───── SUPPLIED DATA
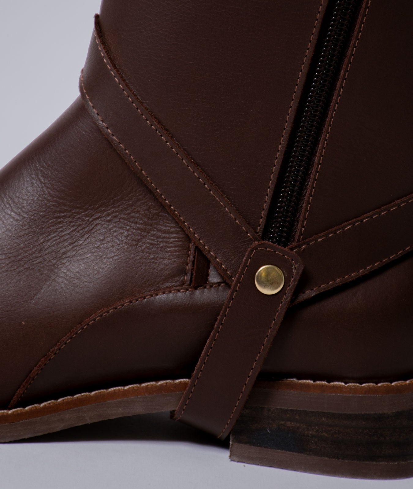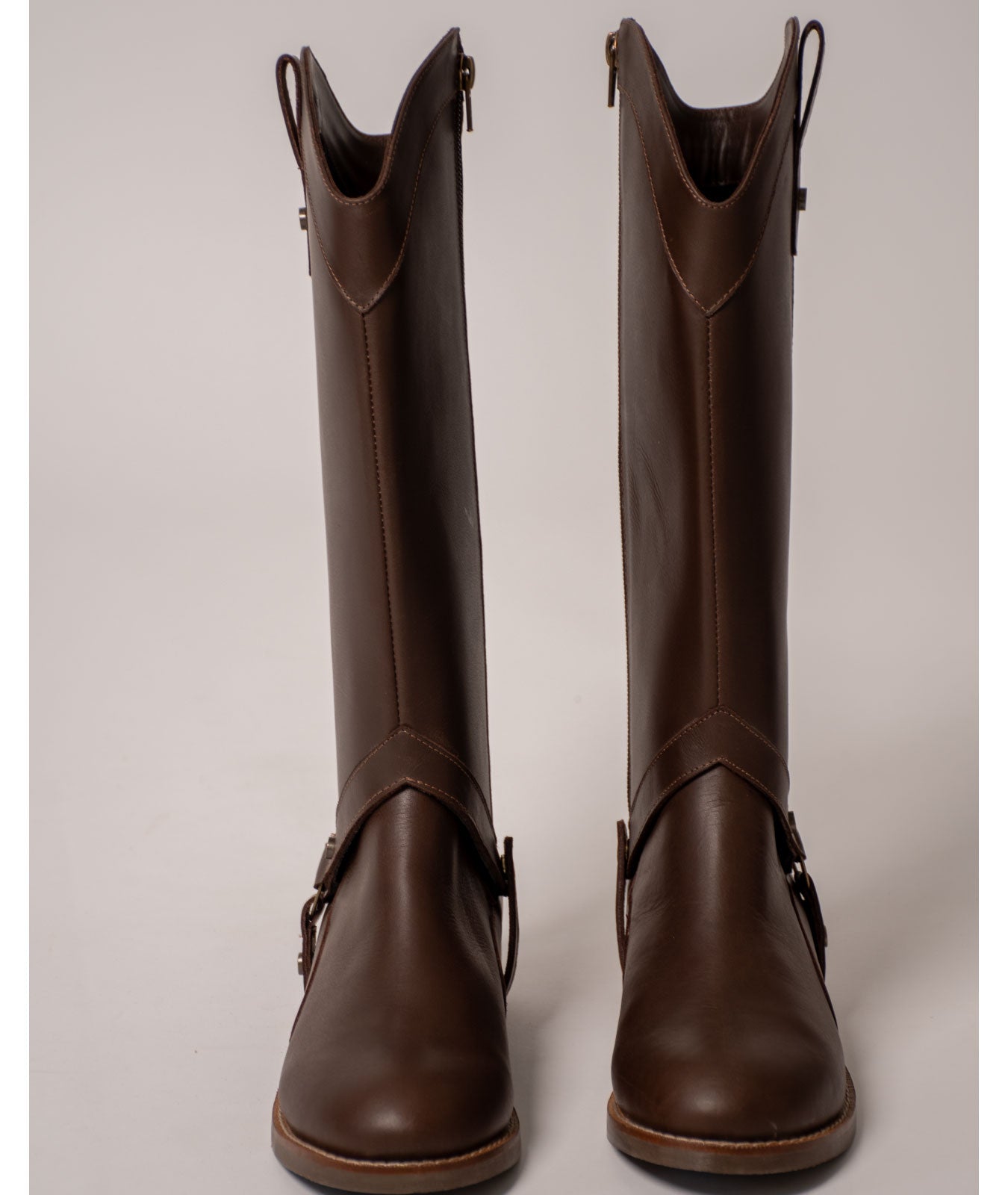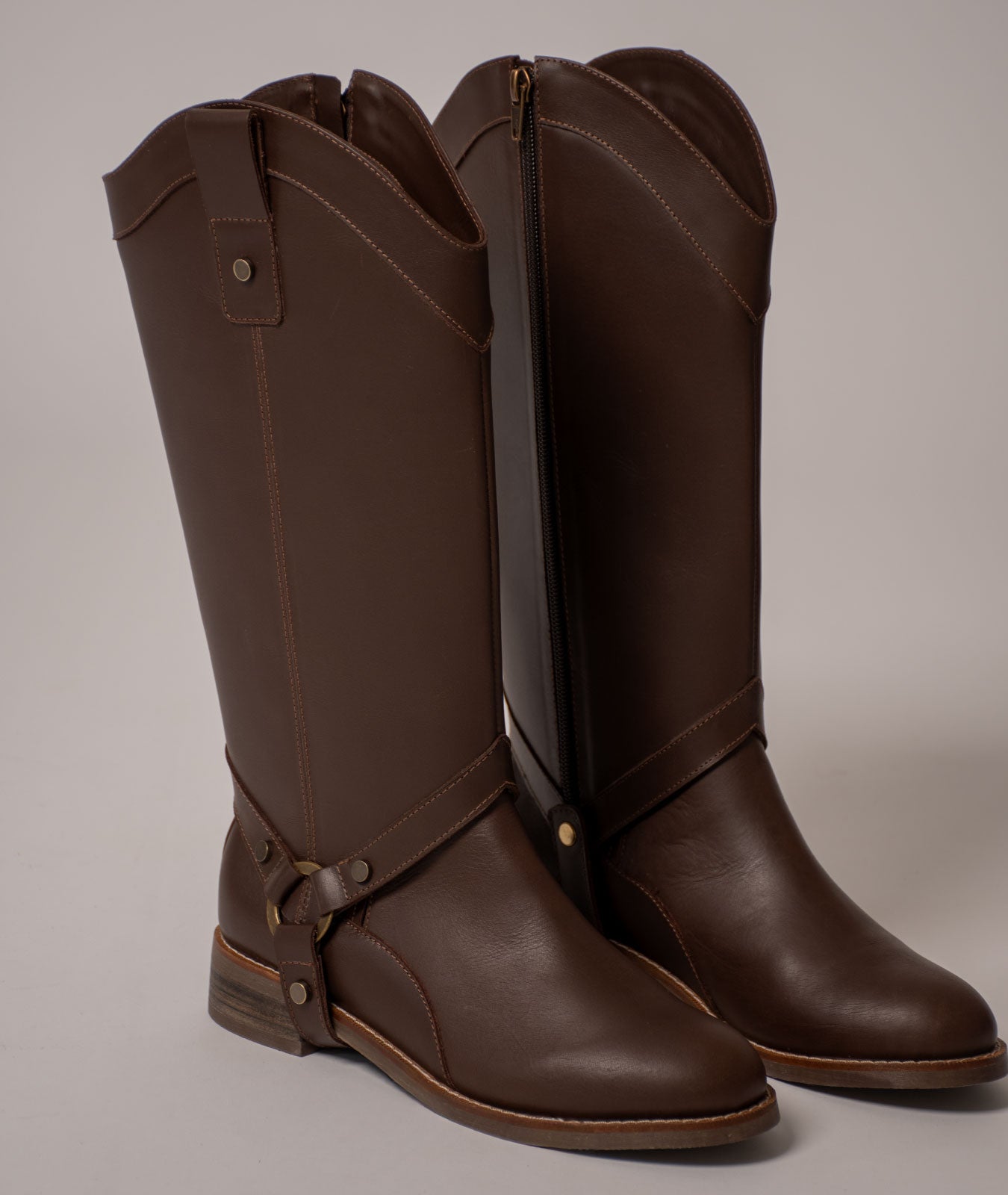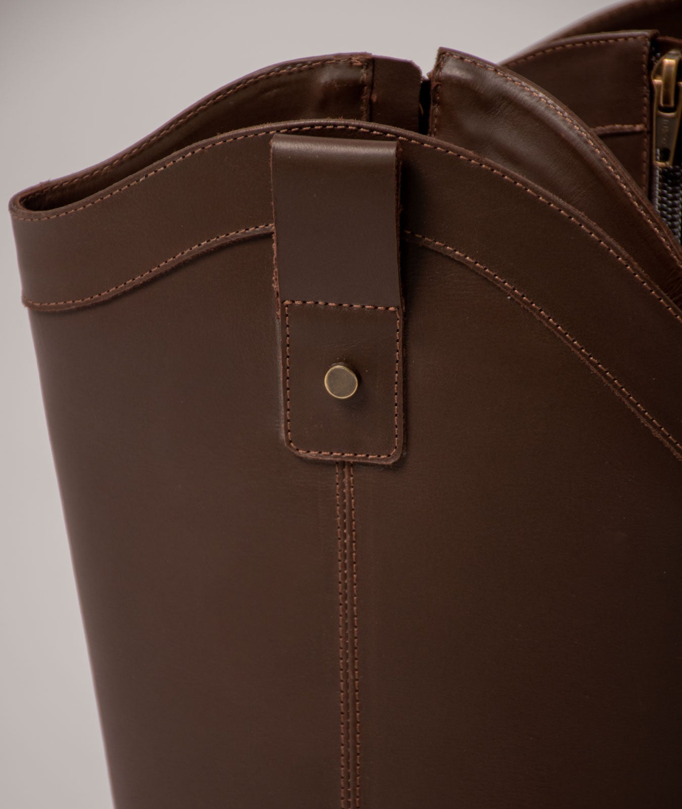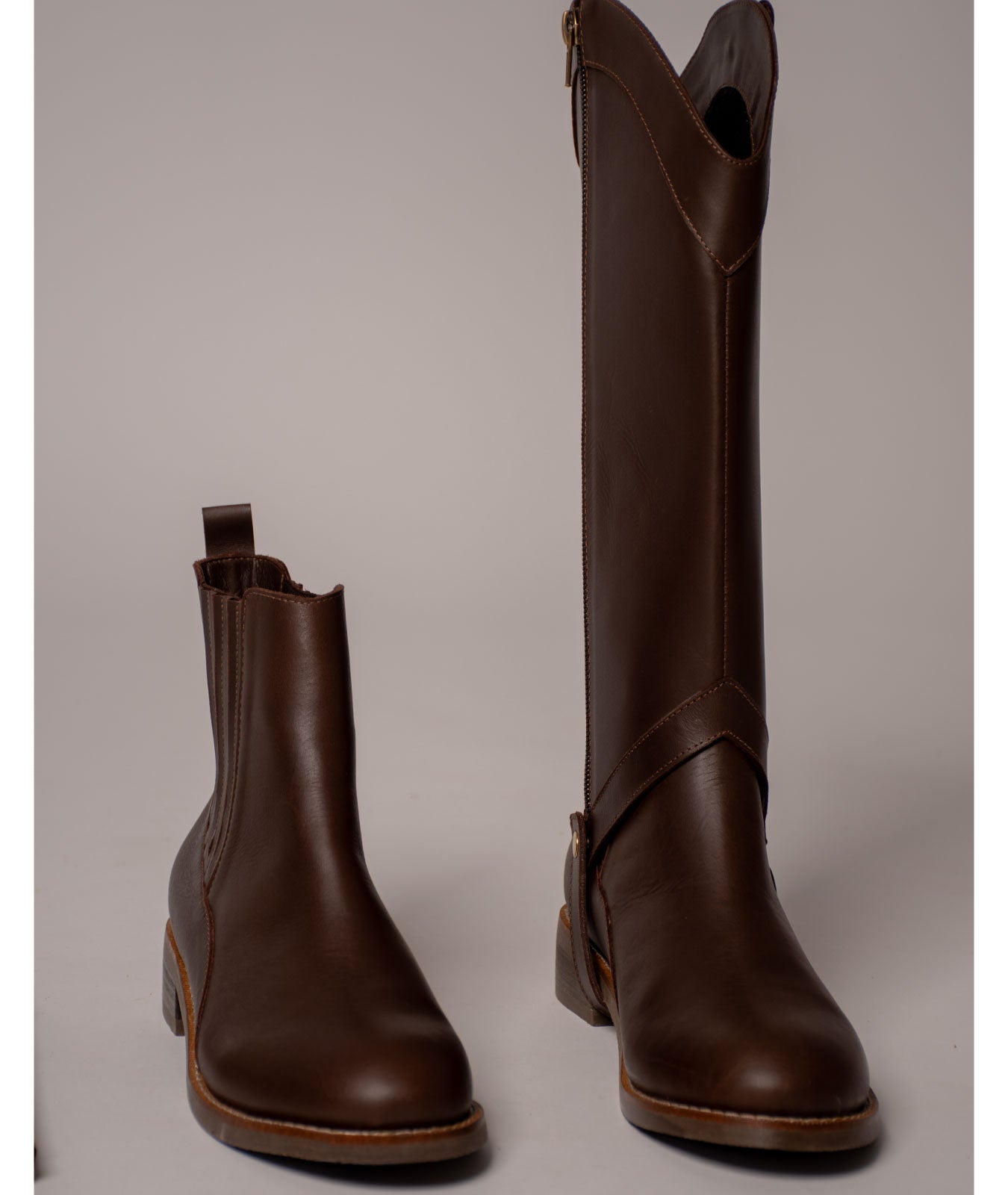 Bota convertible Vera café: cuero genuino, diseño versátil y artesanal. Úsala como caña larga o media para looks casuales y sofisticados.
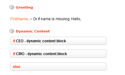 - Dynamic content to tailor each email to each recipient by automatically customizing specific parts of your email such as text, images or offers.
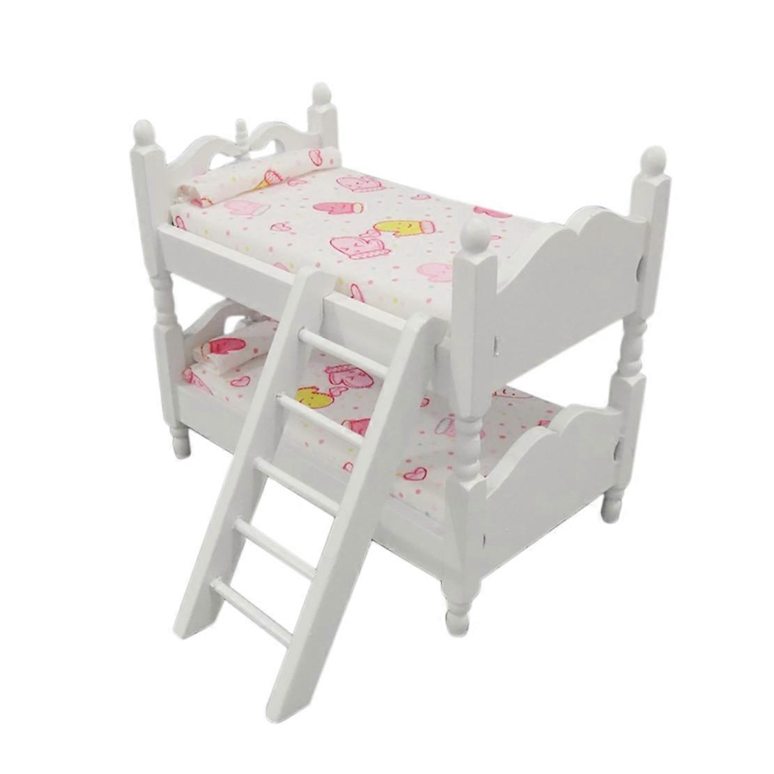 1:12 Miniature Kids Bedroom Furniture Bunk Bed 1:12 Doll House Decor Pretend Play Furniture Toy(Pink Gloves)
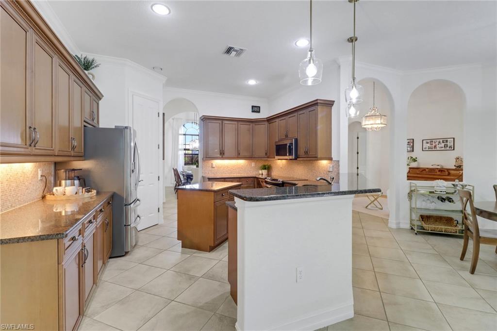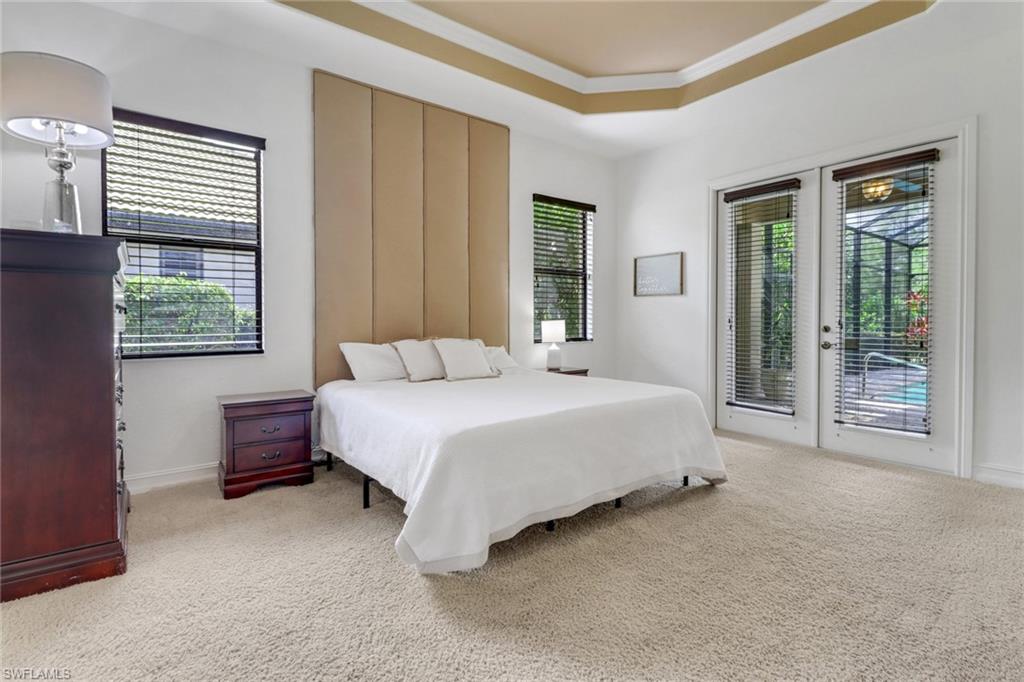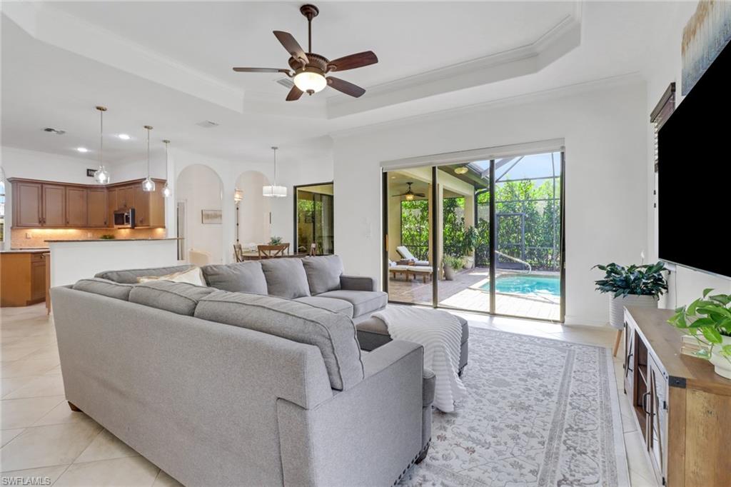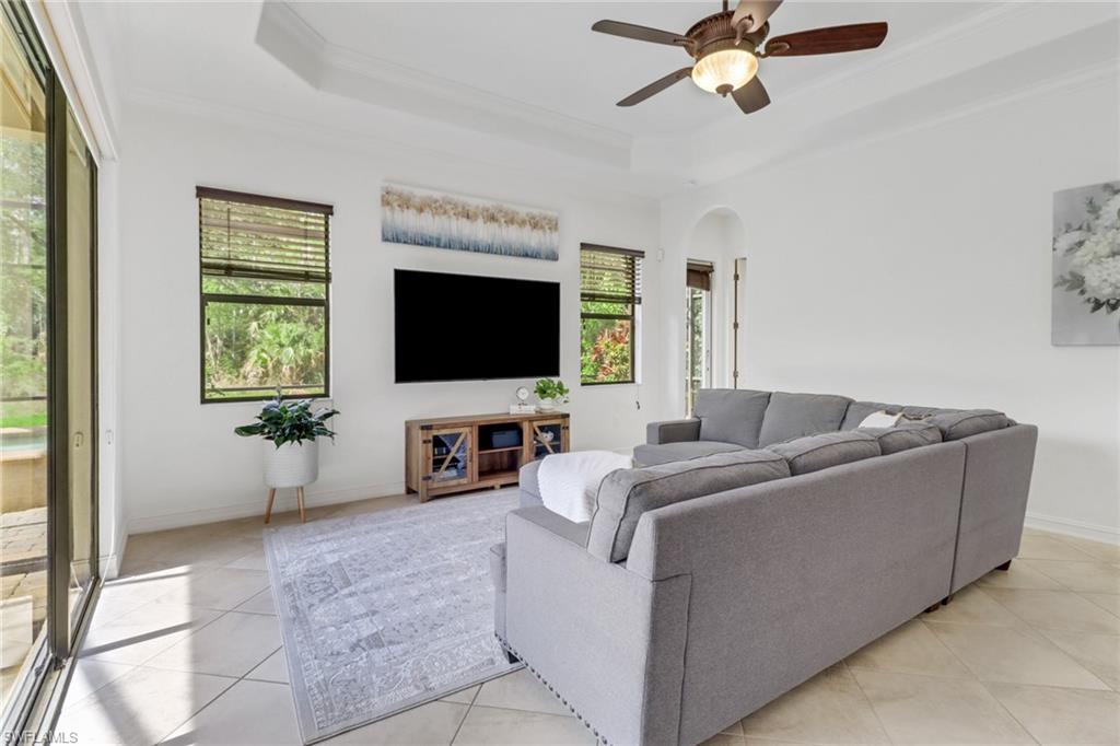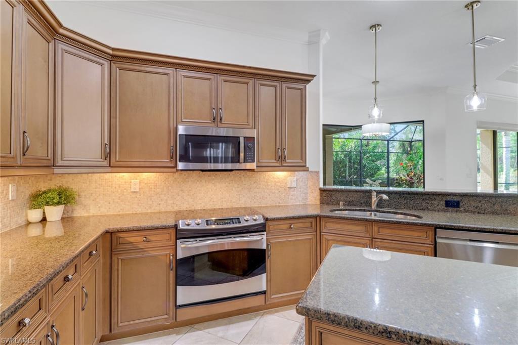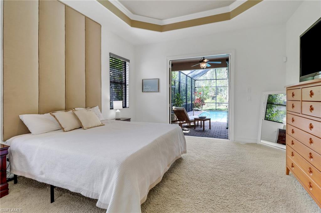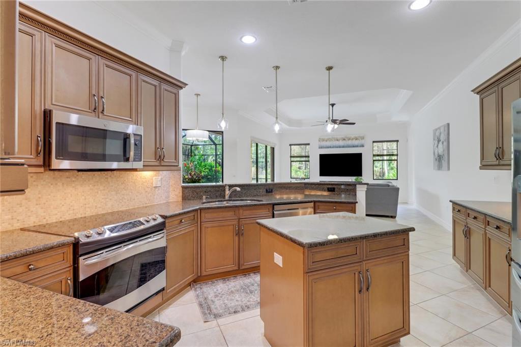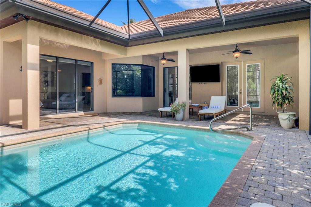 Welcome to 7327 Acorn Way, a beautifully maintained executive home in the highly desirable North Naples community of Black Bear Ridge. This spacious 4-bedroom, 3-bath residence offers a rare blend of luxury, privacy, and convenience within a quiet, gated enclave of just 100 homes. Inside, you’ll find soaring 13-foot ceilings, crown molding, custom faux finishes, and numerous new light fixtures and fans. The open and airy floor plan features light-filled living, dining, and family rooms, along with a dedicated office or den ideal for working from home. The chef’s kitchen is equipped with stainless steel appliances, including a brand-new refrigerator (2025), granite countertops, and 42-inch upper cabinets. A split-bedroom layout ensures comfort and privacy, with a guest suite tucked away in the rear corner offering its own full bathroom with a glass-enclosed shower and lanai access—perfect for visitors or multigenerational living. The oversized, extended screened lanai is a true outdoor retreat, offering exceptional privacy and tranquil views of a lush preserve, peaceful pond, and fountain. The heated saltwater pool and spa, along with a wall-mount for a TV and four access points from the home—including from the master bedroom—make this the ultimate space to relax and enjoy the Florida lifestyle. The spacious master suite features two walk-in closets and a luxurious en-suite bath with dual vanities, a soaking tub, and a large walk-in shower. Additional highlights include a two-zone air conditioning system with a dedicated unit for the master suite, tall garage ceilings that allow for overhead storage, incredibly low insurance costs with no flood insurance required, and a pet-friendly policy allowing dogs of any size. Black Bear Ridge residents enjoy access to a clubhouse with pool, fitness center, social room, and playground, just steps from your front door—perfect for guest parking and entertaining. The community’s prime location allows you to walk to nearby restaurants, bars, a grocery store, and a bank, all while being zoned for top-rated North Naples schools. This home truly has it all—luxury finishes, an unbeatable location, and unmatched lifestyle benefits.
──────────
- **ASSIGNED TASK**: Return nothing but the lines running from the start of the data to the line with "- Dynamic content", please, both ends included and no pictures.

- **EXERCISE ANSWER**:
 Bota convertible Vera café: cuero genuino, diseño versátil y artesanal. Úsala como caña larga o media para looks casuales y sofisticados.
 - Dynamic content to tailor each email to each recipient by automatically customizing specific parts of your email such as text, images or offers.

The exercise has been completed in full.